The day after the murder, Camille Anguenot, who does not have a driver’s license, takes her victim’s car and credit card to go to Bordeaux. She then continues to live normally.

A car accident puts an end to her ride and she finally returns home, where the police, alerted by Théo Decouchant’s mother, arrive a week after the murder and discover the young man’s body wrapped in garbage bags, hidden in a broom cupboard.

At the time of the murder, “she was a teenager who was far from mature, fed on social networks”, who had “a fascination with the image she gave of herself”, notes psychiatrist Sylvain Alexis. “We often see this in very young people, who are increasingly consumed by desire and who like to show themselves off, with ‘stories’. Everything that this phenomenon (of social networks) causes in adolescents and pre-teens is terrible”.

During her conversation with Camille Anguenot, she admitted to having felt a “relief” at the time of her arrest, “as if reality had taken over, stopping her deadly flight.”

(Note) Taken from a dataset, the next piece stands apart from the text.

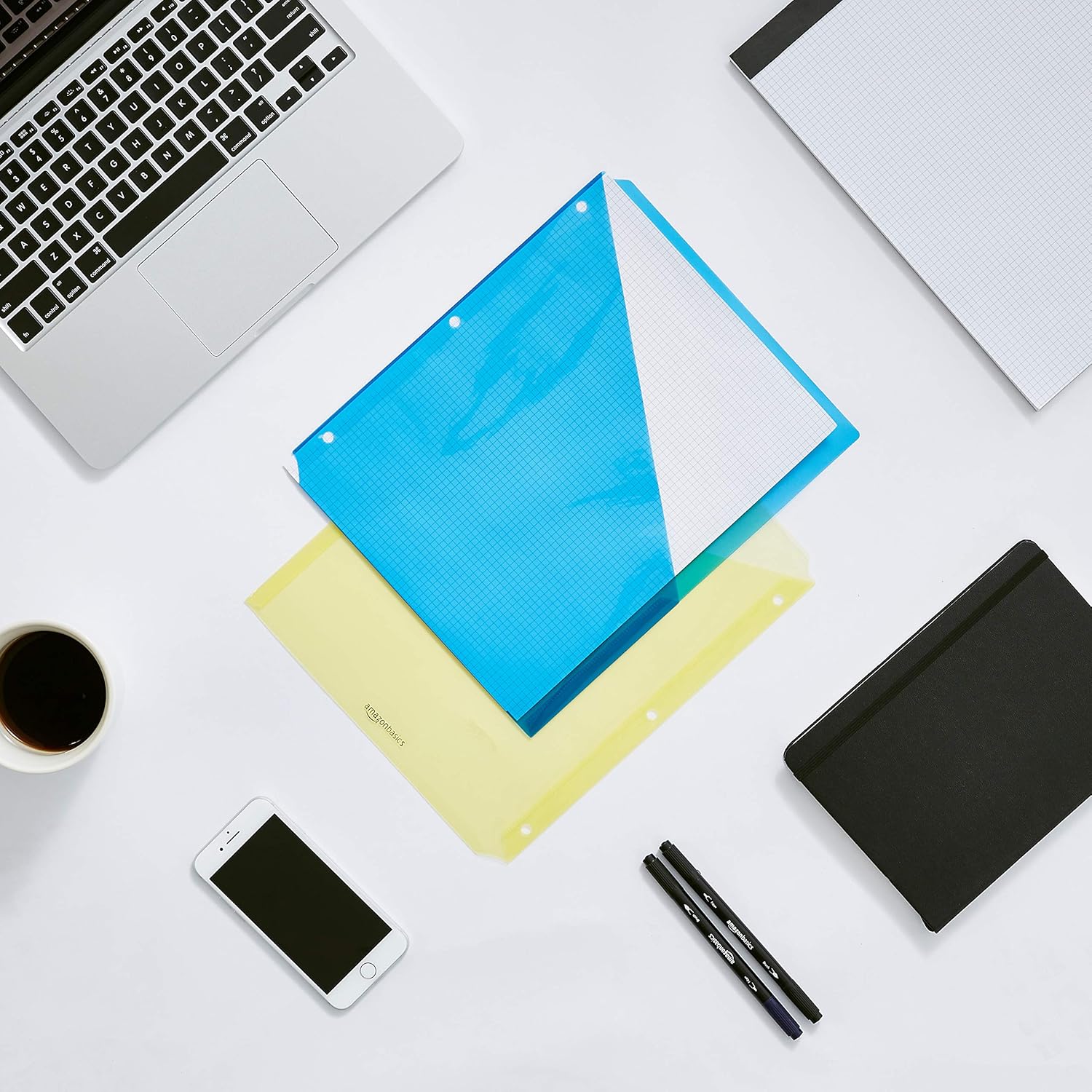 Amazon Basics Binder Organizer Poly Jacket, 3 Hole Punch, Assorted Colors, Pack of 5

The psychiatric expert concluded that the young woman’s “discernment” was impaired at the time of the events. He described a “borderline” defendant with “psychopathic and perverse traits” and displaying “egocentrism and venality”.

His colleague, Dr Henri Brunner, on the contrary rejects the alteration of discernment and notes “a temperamental personality, clinically banal”, without psychiatric disorder.

The “real-life Camille” is also this child of about ten years old who witnessed the “verbal and physical violence” of her father towards her mother. The latter spoke to the jury about the day when, in front of her daughters, the man from whom she was separating “rushed towards her and tried to strangle (her)”. Camille Anguenot cried in the dock. On trial since Tuesday, she faces 30 years in prison. Verdict on Friday.